━━ Supplied material ━━
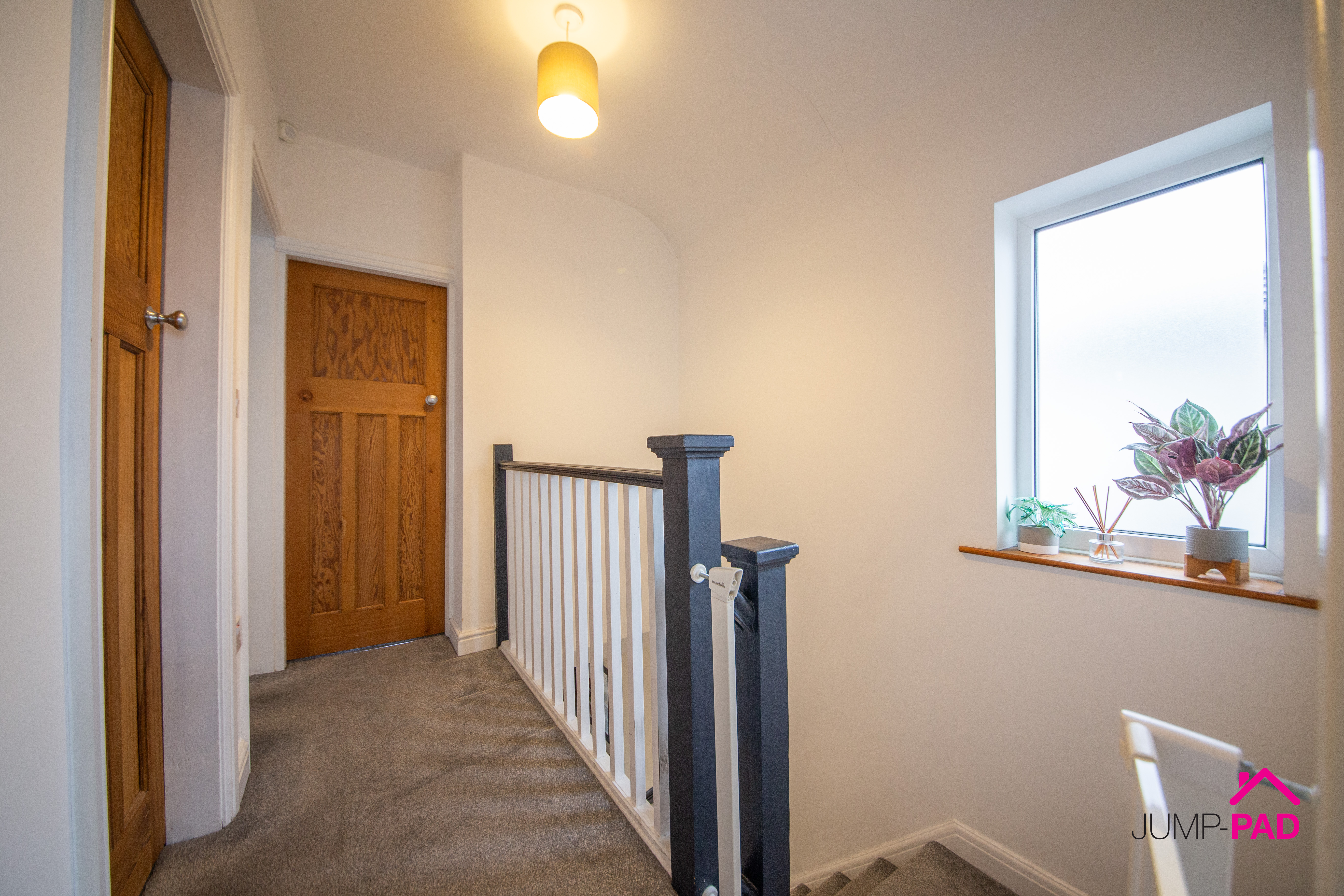 The landing features original stripped pine doors, a window to the side elevation, a navy handrail, and a grey carpet. Access to the fully boarded loft
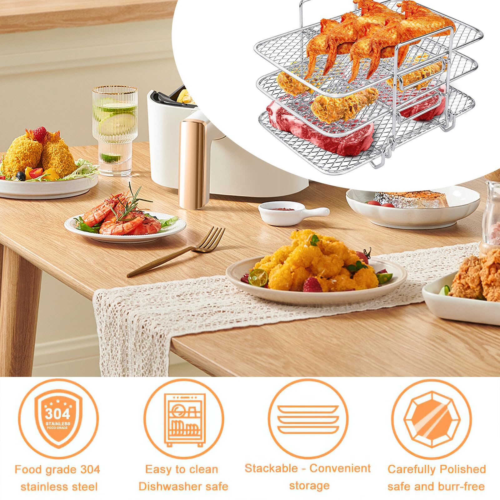 Questi stampi in silicone alimentare sono un must per la tua friggitrice ad aria! Misurano 22x22x9 cm, con fondo rialzato per far circolare l'aria e ridurre i tempi di cottura. Adatti a Moulinex 6.5L, Princess 6.5L, COSORI 5.5L e altre friggitrici a cestello quadrato. Sono atossici, resistenti al calore (fino a 230°C) e facili da pulire (lavabili in lavastoviglie). Proteggono il cestello, evitano attaccamenti e rendono la pulizia un gioco. Perfetti per cucinare in modo sano senza carta forno.Caratteristiche e scheda tecnica
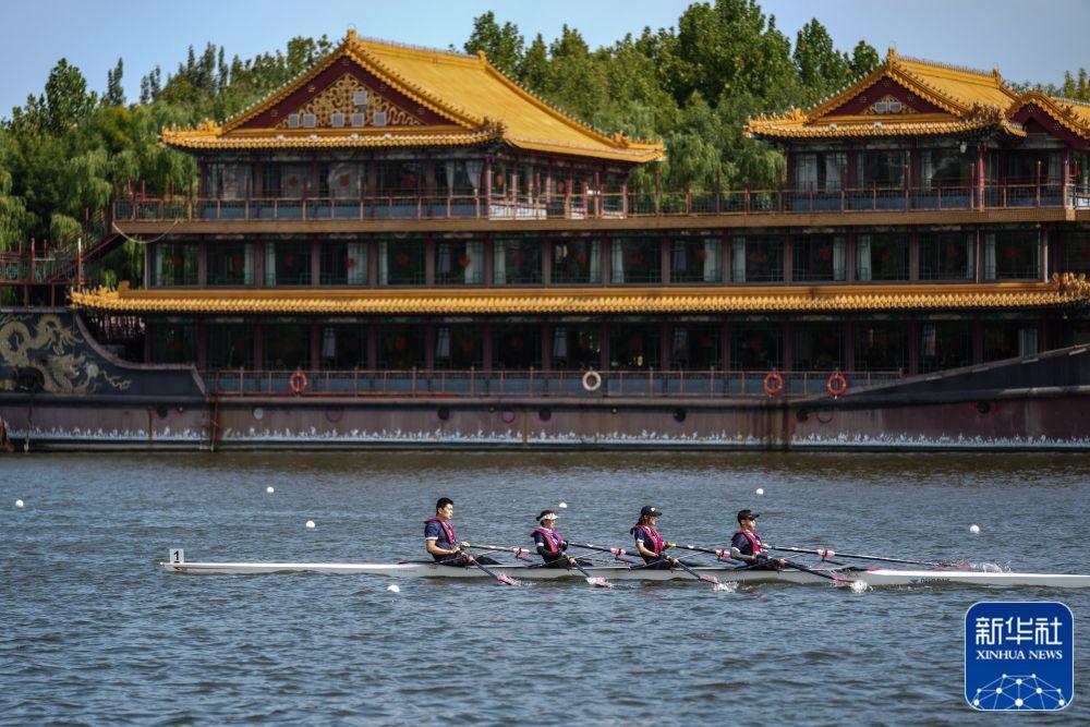 ↑市民在位于北京市通州區(qū)的京杭大運(yùn)河上進(jìn)行賽艇比賽(2022年9月18日攝)。新華社記者 彭子洋 攝
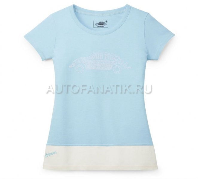 Привлекательная женская футболка в бирюзовом и бежевом цветах разрезана по бедрам и сшита. На груди принт - стилизованный "Жук", состоящий из надписей внутри рисованного кузова. В нижней части на бежевом фоне размещен прописной ретро-логотип Volkswagen. Материал: 95% хлопок, 5% эластан. Материал: 100% хлопок. Цвет: бирюзовый/бежевый.
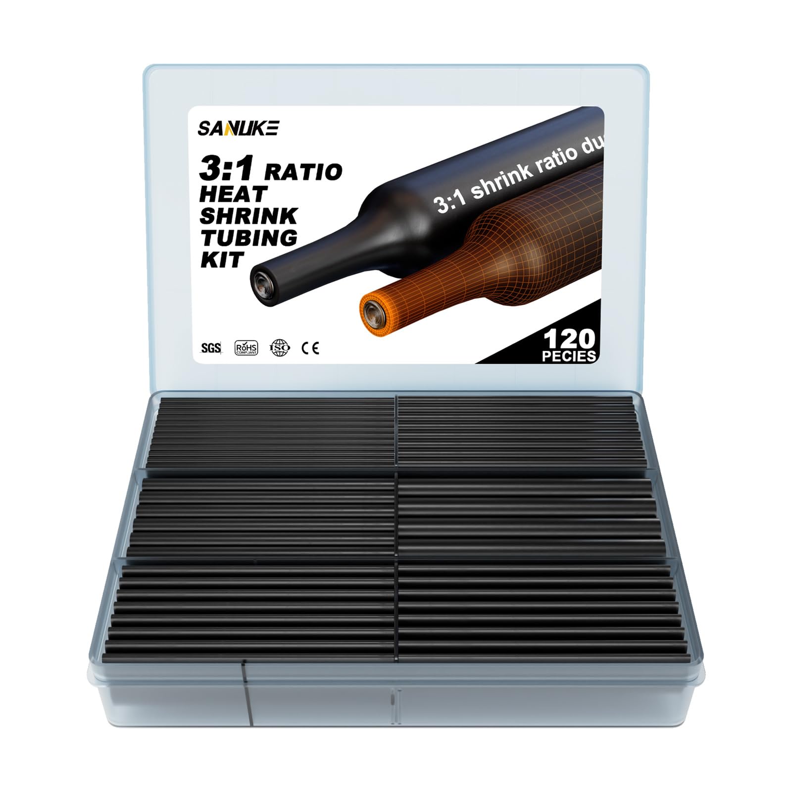 Sanuke Heat Shrink Tubing Kit 120 PCS - 3:1 Ratio Adhesive Lined, Marine Grade Shrink Wrap - Industrial Electrical Heat Shrink Tubing - Waterproof
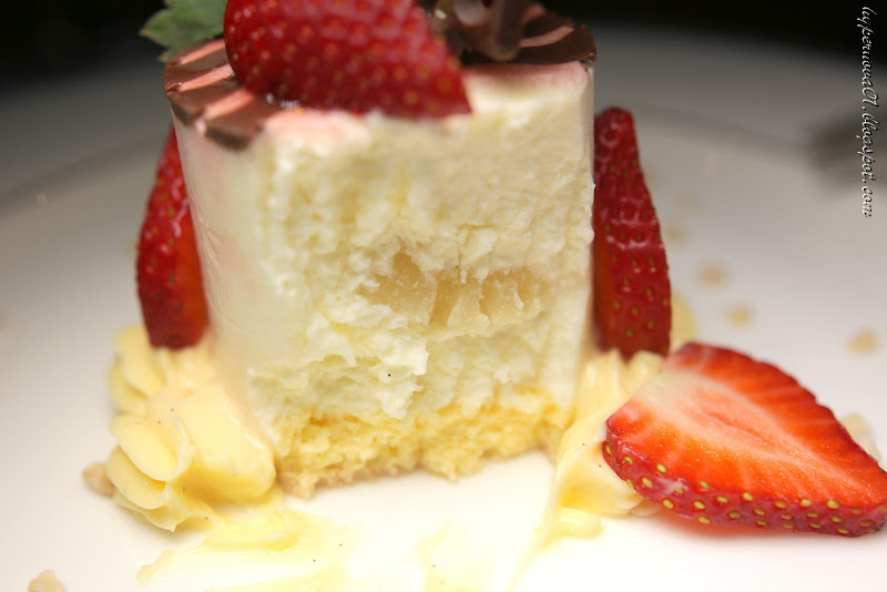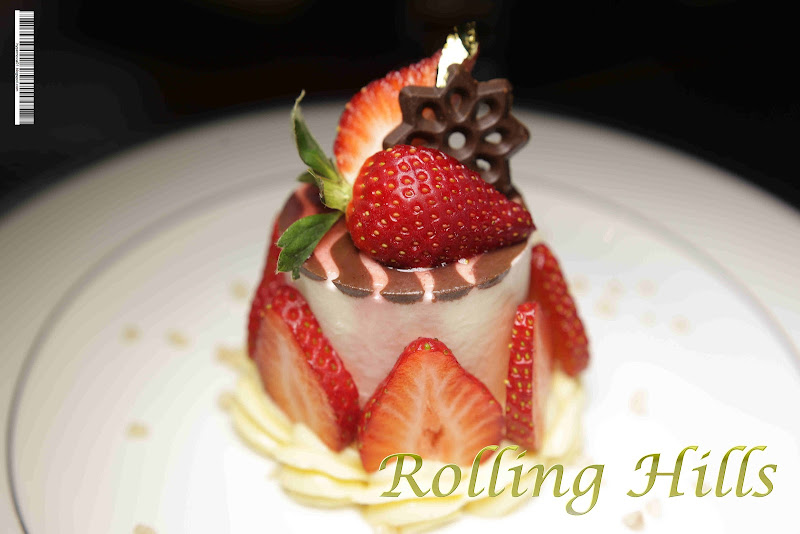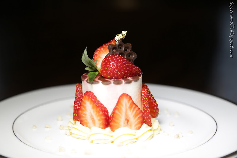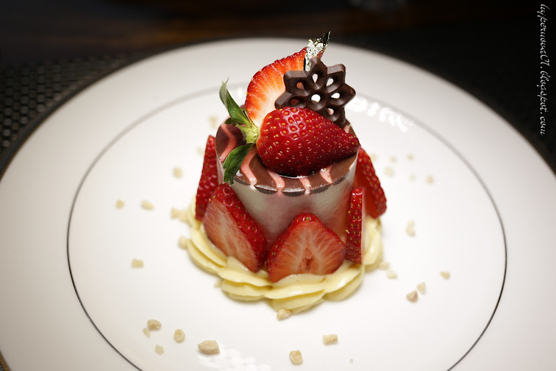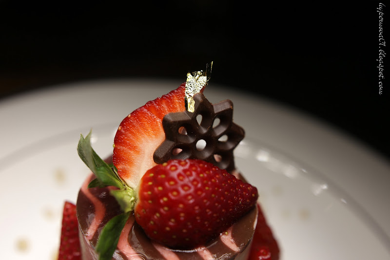 上層巧克力、草莓的酸苦味道延續了雪酪了芬芳與淡淡的甜味
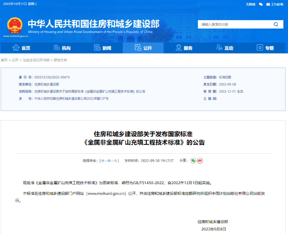 重磅來襲!我國首次發(fā)布金屬非金屬礦石填充工程技術(shù)標(biāo)準(zhǔn)
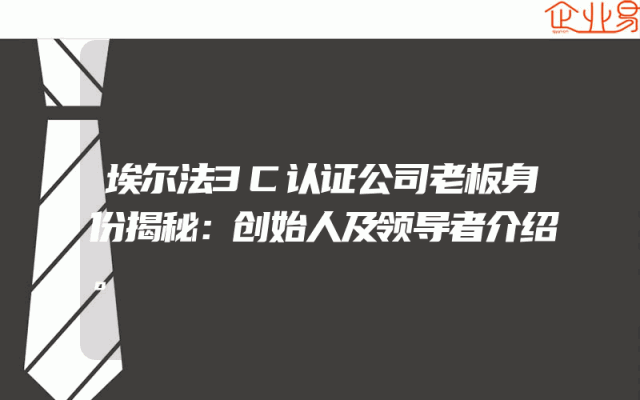 - 埃尔法3C认证公司老板身份揭秘:创始人及领导者介绍。
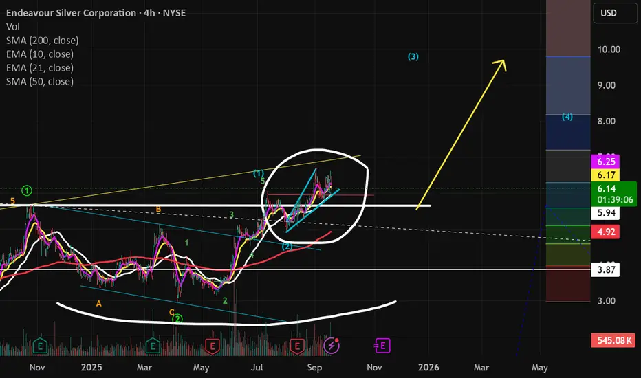 EXK is currently showing an interesting wave structure...the choppiness (see white circle) nad overlap is making this look like a leading expanding diagonal...not the most typical way to start a wave 3, but not a violation of any EW rules/guidelines that I am aware of. I first thought this might be an expanded flat correction of the wave 1 of a higher degree, but given that what would have been the B wave is exceeded 1.618 of the A wave down (ABC immediately following the wave 1 of a higher degree), I must rull out the expanded flat option and go with the leading diagonal...but I admit that I do not like it. Lets continue to watch closely.
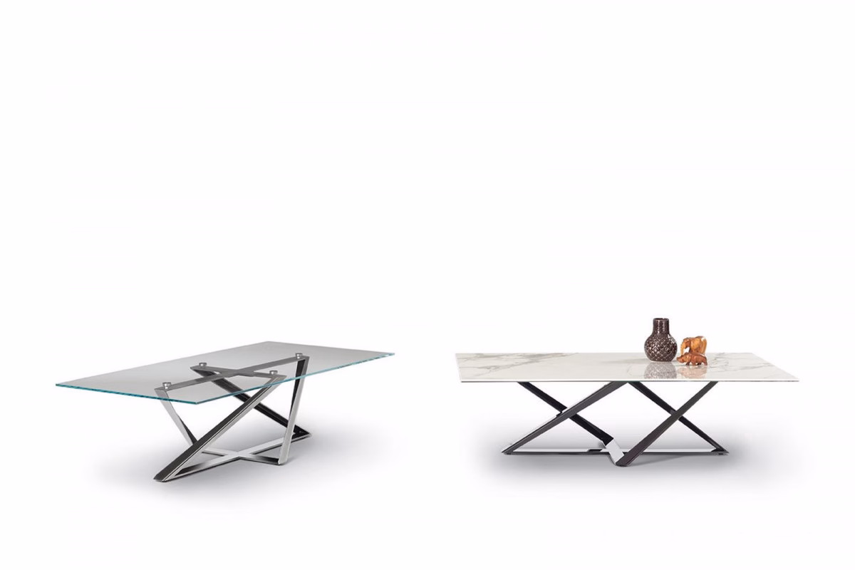 Coffee table with lacquered metal frame. Top in veneer wood, glossy glass, velvet matt anti-scratch glass or SuperMarble.
━━━
#### [Exercise prompt]
From the line with "上層巧克力、草莓的酸苦味道延續了雪酪了芬芳與淡淡的甜味" up to and including the line with "- 埃尔法3C认证公司老板身份揭秘:创始人及领导者介绍。" above, retype every line exactly and nothing more; leave out the pictures.

#### [Solution to this exercise]
 上層巧克力、草莓的酸苦味道延續了雪酪了芬芳與淡淡的甜味
 重磅來襲!我國首次發(fā)布金屬非金屬礦石填充工程技術(shù)標(biāo)準(zhǔn)
 - 埃尔法3C认证公司老板身份揭秘:创始人及领导者介绍。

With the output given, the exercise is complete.